If Mount Vesuvius were to erupt in modern times, surely Kiefer Sutherland’s super-spy character Jack Bauer would find a way to minimize casualties and ultimately save the day. Alas, this is director Paul W.S. Anderson’s disaster film Pompeii, in which the city is destroyed by the volcano’s fury, and Bauer is nowhere to be found.
Instead, Sutherland was cast as Roman Senator Corvis, a cruel man whose only interest lies in gaining political power and making the heroic Milo (Game of Thrones star Kit Harington) suffer.
That villainy wasn’t even remotely on display in June during a visit to the film’s Toronto set, where the good-natured Sutherland – relaxed and comfortable in sunglasses, jeans and a T-shirt – had come in on his day off to discuss the making of Pompeii.
Spinoff Online: We hear your character is super-nice. He’s a really nice guy. He gets along with everybody…
Kiefer Sutherland: Obviously, he’s the antagonist of the film, but it’s very different. I’ve played a lot of nasty characters over the course of my career — I would think the worst one was a film called Eye for an Eye. This is not that guy. He’s very funny, in an awful way, but he’s very funny. With a class system like you had at that time, if someone was wealthy and powerful, the ease with which they dispatched other people’s lives was kind of frightening. He does it with great aplomb. He’s funny. I haven’t really had a character to play that has had the dialogue that is as rich as in the script, so it’s been a real pleasure. But you’re right, he’s an asshole.
With really big films like this, sometimes the complaint is the villain doesn’t seem to have much of a motivation. He’s just kind of evil or mean. Is there a play on class?

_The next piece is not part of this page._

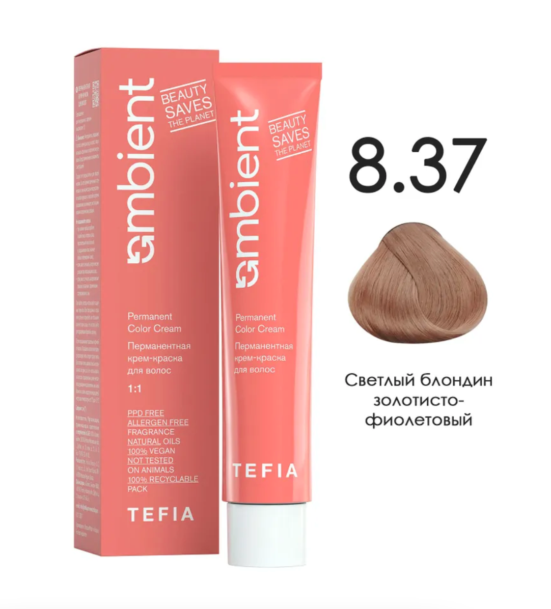 - TEFIA AMB Крем-краска 8.37 Светлый блондин золотисто-фиолетовый, 60 мл.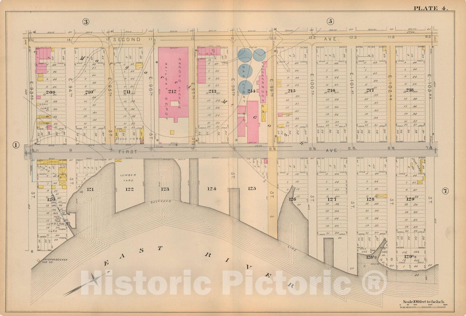 • Historic Map : Atlas City of New York, Vol 2 ... 12th Ward, 2nd Ed., Manhattan 1884 Plate 004 , Vintage Wall Art

It’s two-fold. A lot of it directly informs an audience of that. He wants to marry this girl. He’s come to Pompeii to marry this girl and to take over the father’s company. He has a line where he says, “As soon as this deal is done and the marriage is settled …” The line earlier is my right-hand guy says, “What a mouth on her,” and he says, “Yes. As soon as the deal is done and the marriage is settled, I’ll take great pleasure in shutting it.” That’s exactly what he’s there for. The deal and the marriage, and then he goes back to Rome.
How does he deal with the crisis at hand once this chain of events starts happening?
With unbelievable arrogance, with the arrogancy you would expect. He actually has a line where he’s making a speech in the arena. The tremors start and he’s like, “Come on. Come on. Get over it.” He doesn’t pay attention to it. It’s not a threat to him. Everything he’s had in his life, he’s been able to control. It’s also an interesting kind of result in Pompeii when you actually look because it happened so fast. One of the most awesome things I saw there was a mother holding her child, and she died so quickly that she couldn’t bring her own child to her breast. She was literally holding her up like that and they were locked like that forever. I don’t think any of them had any idea that could possibly happen. That’s an interesting aspect of the movie when it gets into that stage.